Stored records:
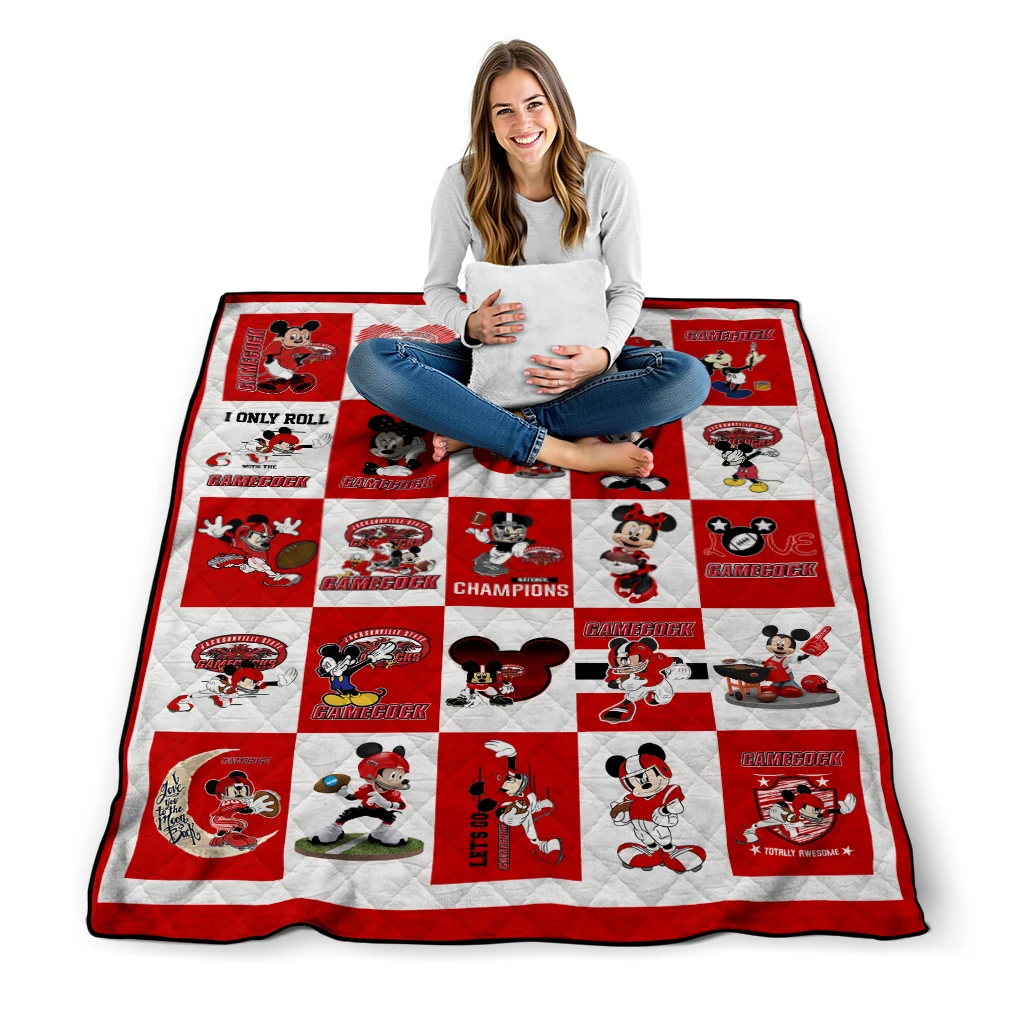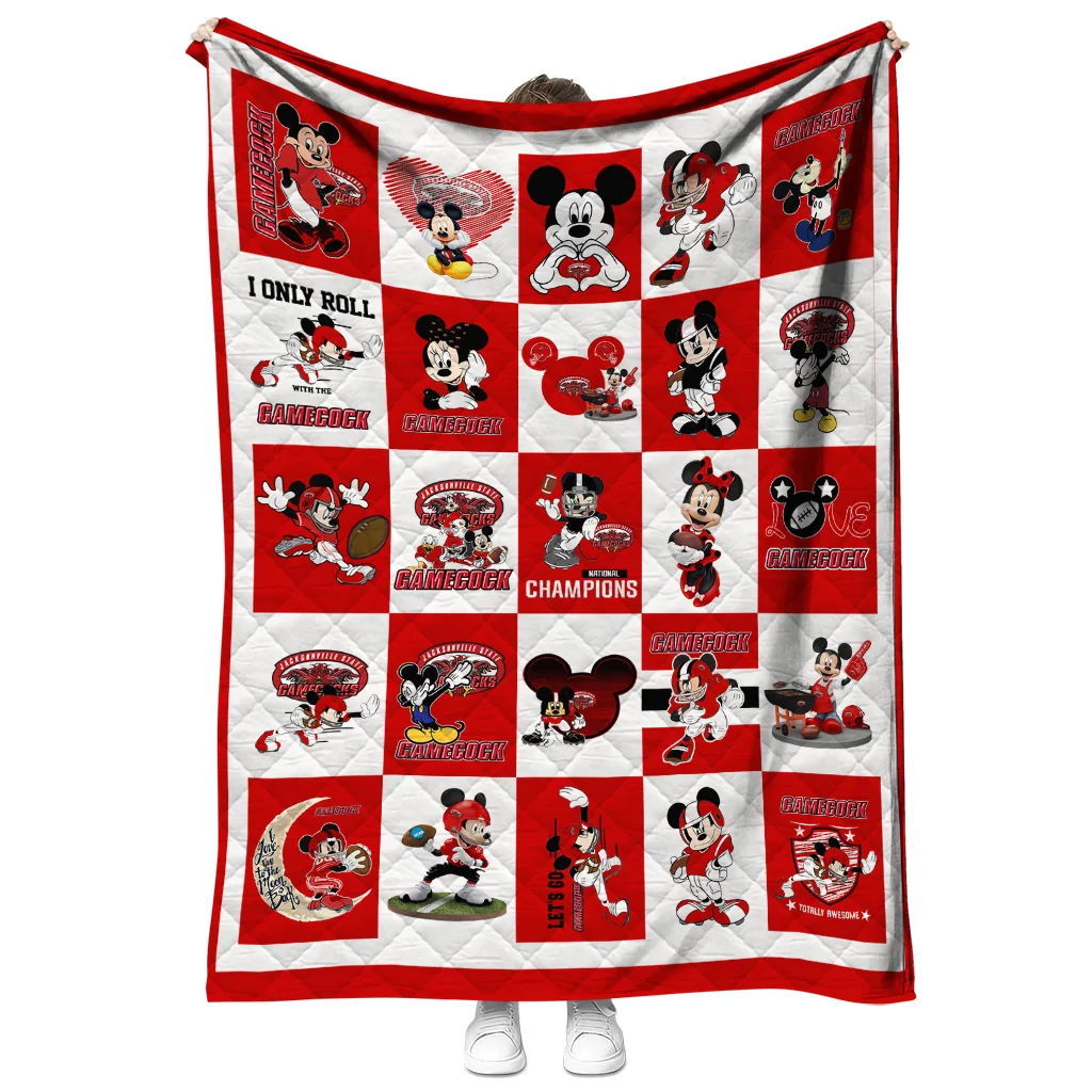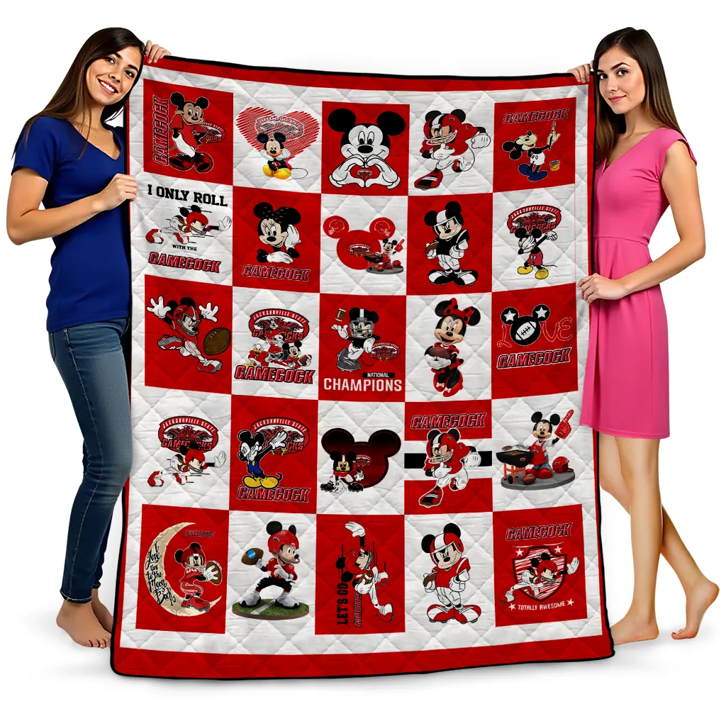 Jacksonville State Gamecocks Mickey Mouse Motif Red White Quilt Blanket
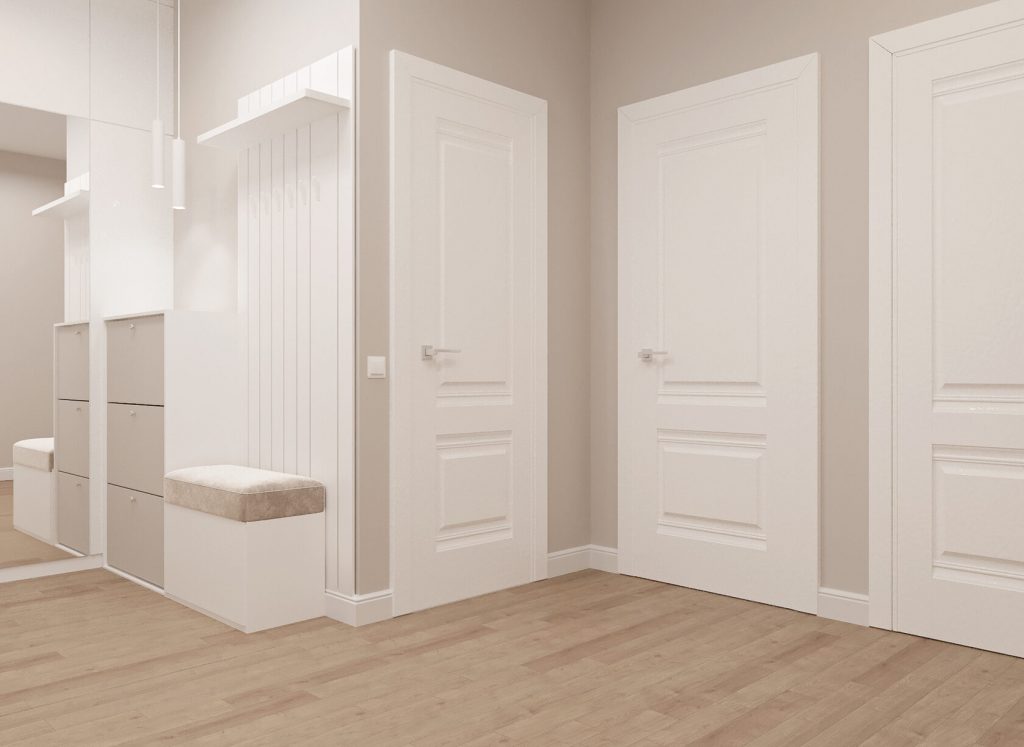 Светлые стены и белые двери в сочетании с тёплым кварцвинилом под дерево создают уют и визуально расширяют пространство. Зеркало в полный рост добавляет глубины, а потолочные светильники дают мягкий, равномерный свет.
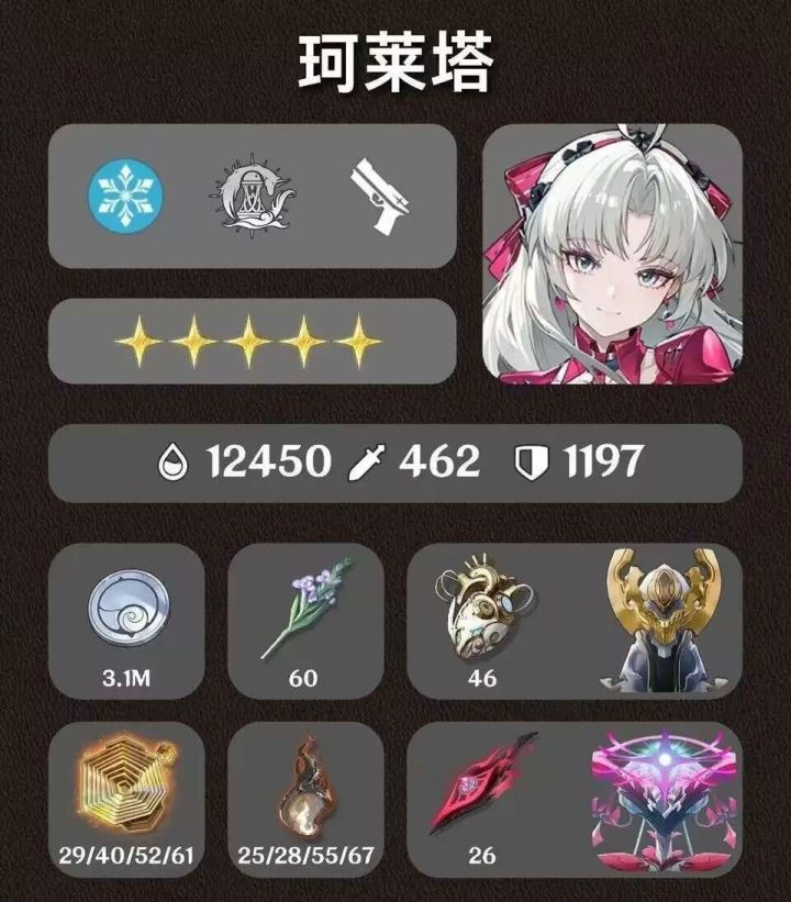 珂莱塔角色养成所需材料
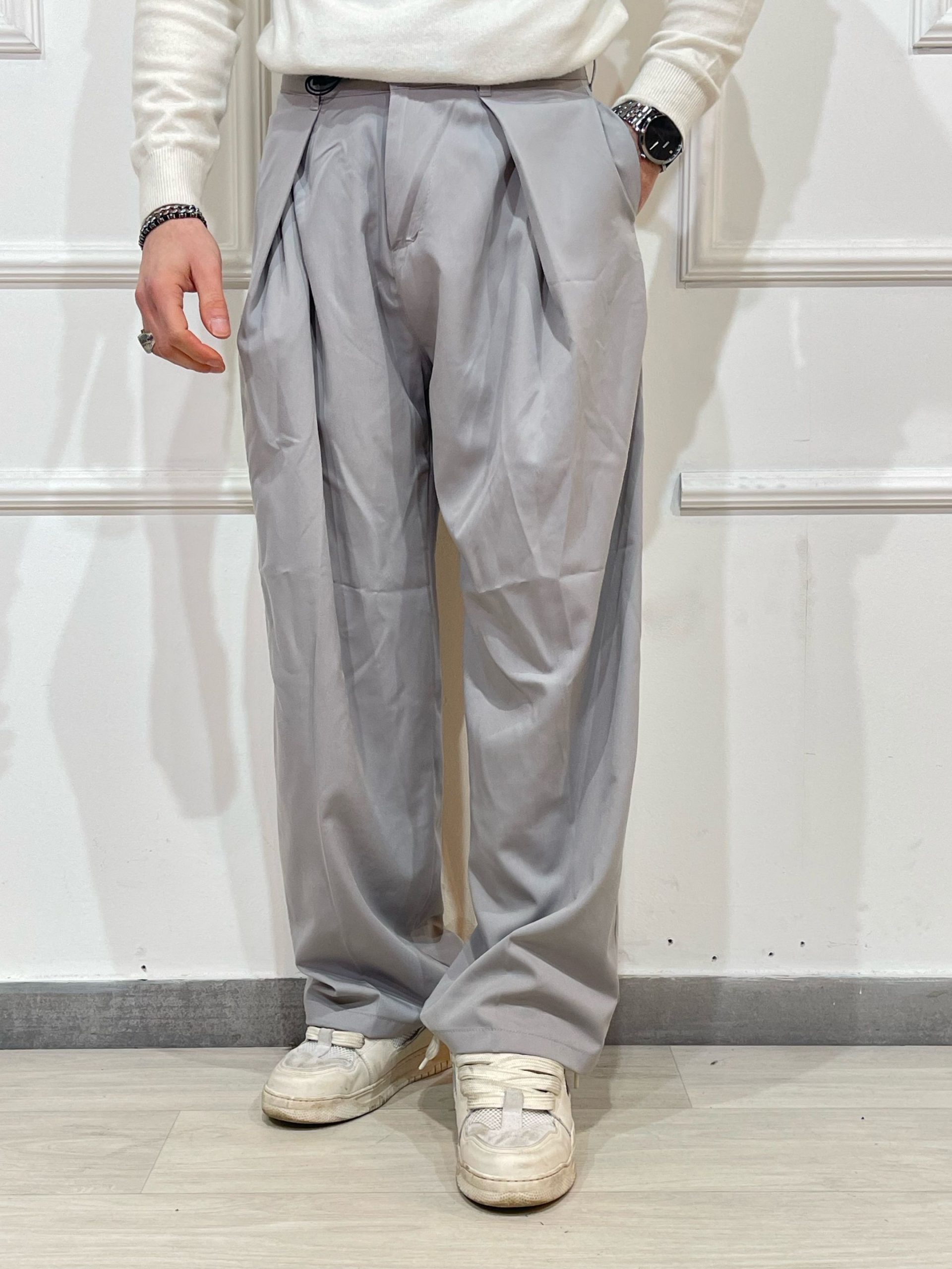 Durch den elastischen Bund sitzt die Hose bequem, während der mitgelieferte Gürtel dem Outfit zusätzliche Struktur gibt.
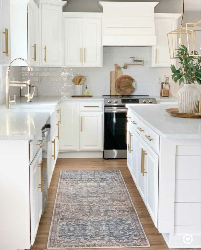 Gold Accents White Shiplap Kitchen
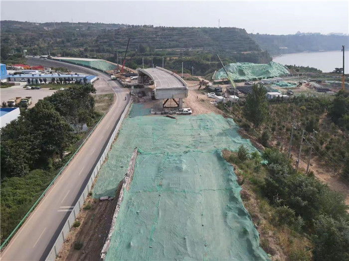 三門(mén)峽西收費(fèi)站拱形骨架施工中

▶ [EXERCISE INSTRUCTIONS]
Apart from the pictures, every line of the data above should be given again exactly.

▶ [ANSWER SPACE]
 Jacksonville State Gamecocks Mickey Mouse Motif Red White Quilt Blanket
 Светлые стены и белые двери в сочетании с тёплым кварцвинилом под дерево создают уют и визуально расширяют пространство. Зеркало в полный рост добавляет глубины, а потолочные светильники дают мягкий, равномерный свет.
 珂莱塔角色养成所需材料
 Durch den elastischen Bund sitzt die Hose bequem, während der mitgelieferte Gürtel dem Outfit zusätzliche Struktur gibt.
 Gold Accents White Shiplap Kitchen
 三門(mén)峽西收費(fèi)站拱形骨架施工中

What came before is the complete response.